- **Task item**
Retype exactly what appears below from the line containing "この「タミヤ モデリングブラ" down to the line containing "Botas de inverno", keeping both end lines. Do not include pictures.

- **Source information**
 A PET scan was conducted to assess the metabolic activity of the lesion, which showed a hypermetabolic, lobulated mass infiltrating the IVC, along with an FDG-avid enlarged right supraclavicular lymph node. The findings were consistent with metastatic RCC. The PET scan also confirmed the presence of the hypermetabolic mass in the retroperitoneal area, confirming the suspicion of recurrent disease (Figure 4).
...
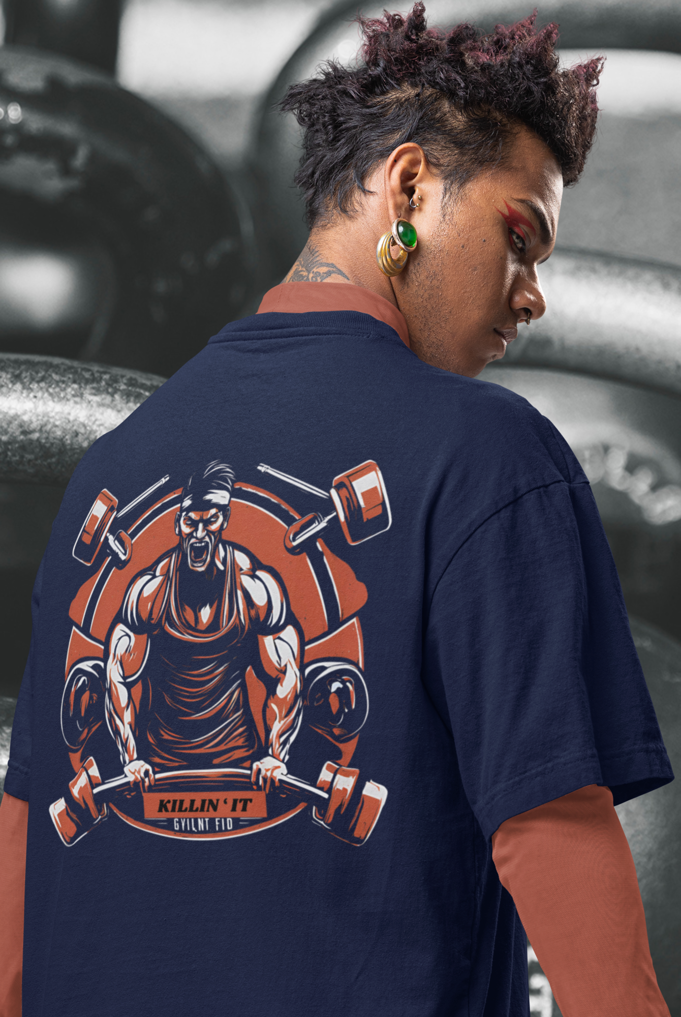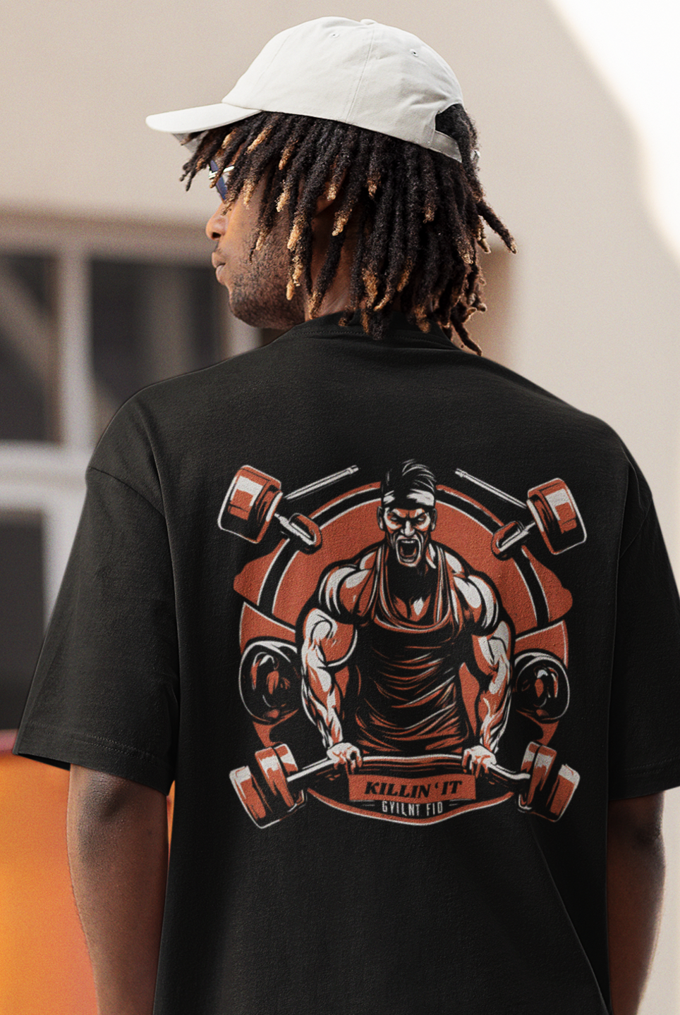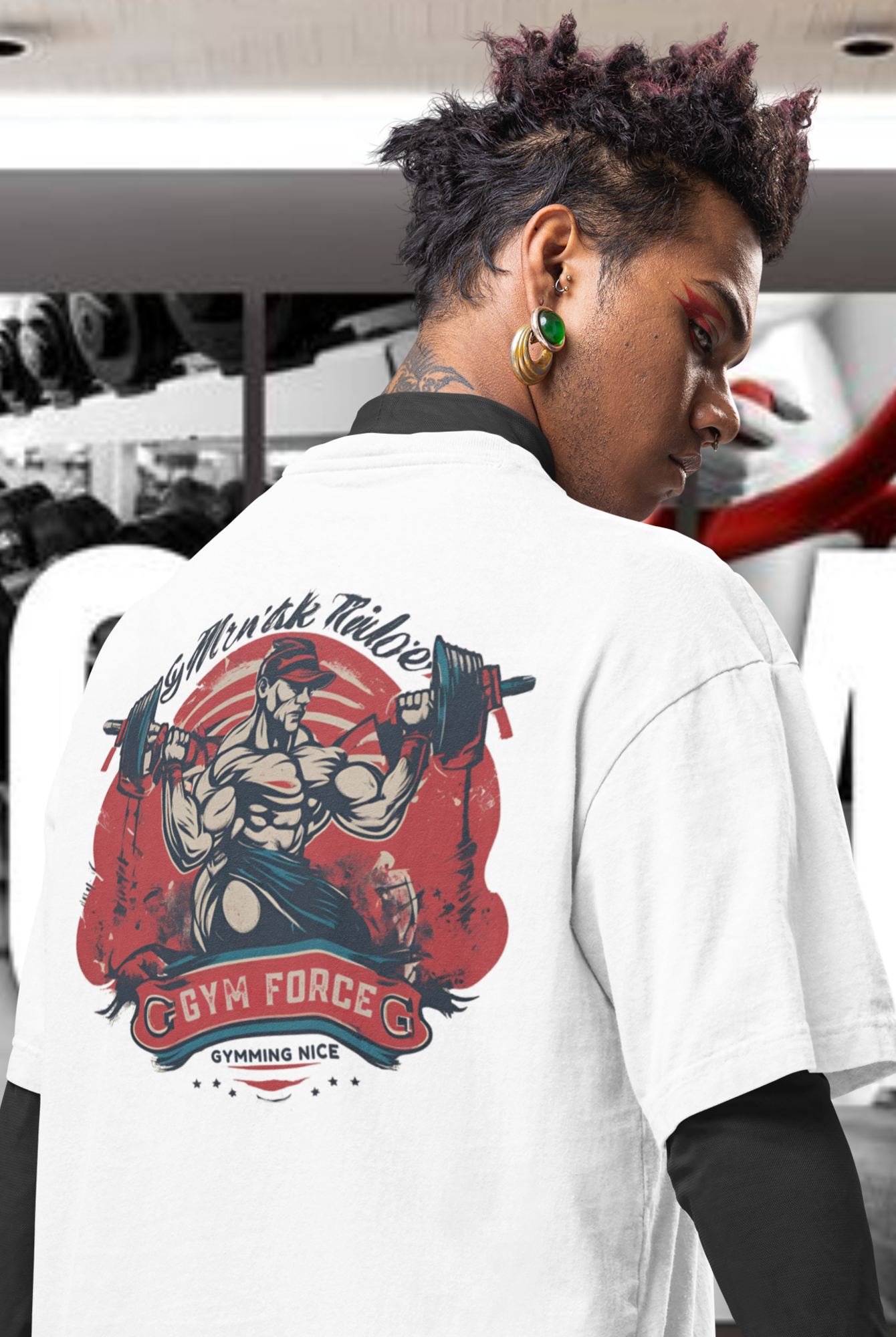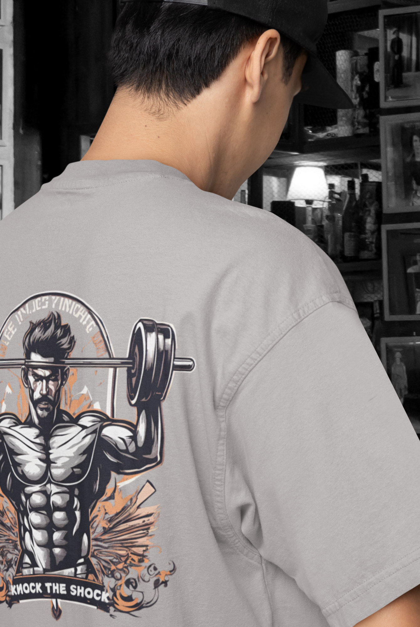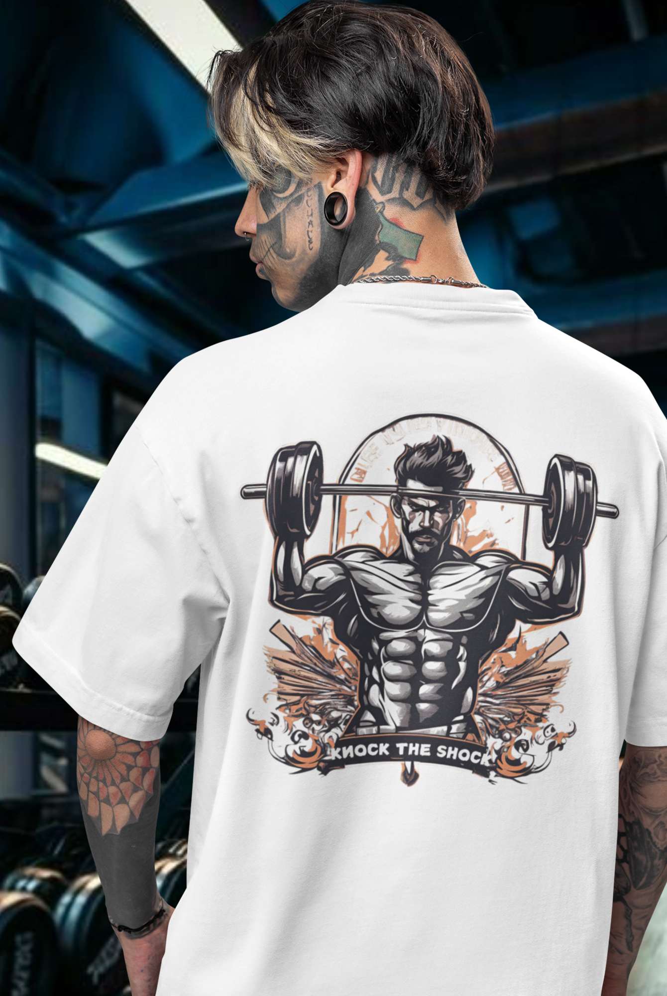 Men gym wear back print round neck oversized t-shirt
==
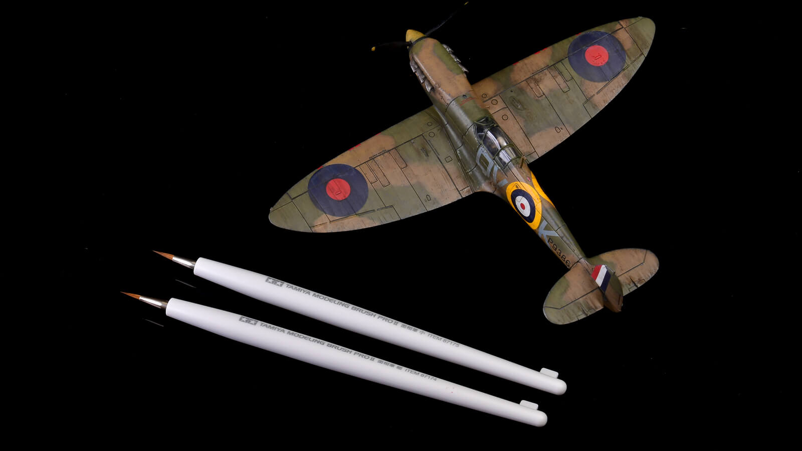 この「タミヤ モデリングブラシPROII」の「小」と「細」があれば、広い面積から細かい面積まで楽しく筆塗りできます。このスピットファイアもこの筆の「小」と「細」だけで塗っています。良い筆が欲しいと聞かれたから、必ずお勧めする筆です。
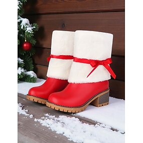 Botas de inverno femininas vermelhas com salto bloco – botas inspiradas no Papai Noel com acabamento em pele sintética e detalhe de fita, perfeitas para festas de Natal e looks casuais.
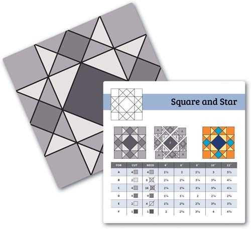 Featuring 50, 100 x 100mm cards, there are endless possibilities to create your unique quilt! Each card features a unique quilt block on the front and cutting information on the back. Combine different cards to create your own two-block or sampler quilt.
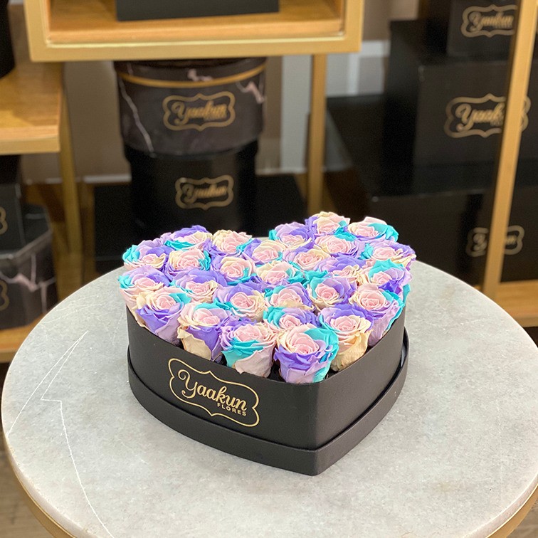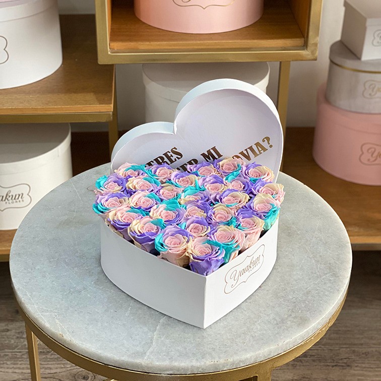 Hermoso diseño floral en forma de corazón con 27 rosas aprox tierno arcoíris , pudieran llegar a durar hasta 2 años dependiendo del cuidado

- **Response**
 この「タミヤ モデリングブラシPROII」の「小」と「細」があれば、広い面積から細かい面積まで楽しく筆塗りできます。このスピットファイアもこの筆の「小」と「細」だけで塗っています。良い筆が欲しいと聞かれたから、必ずお勧めする筆です。
 Botas de inverno femininas vermelhas com salto bloco – botas inspiradas no Papai Noel com acabamento em pele sintética e detalhe de fita, perfeitas para festas de Natal e looks casuais.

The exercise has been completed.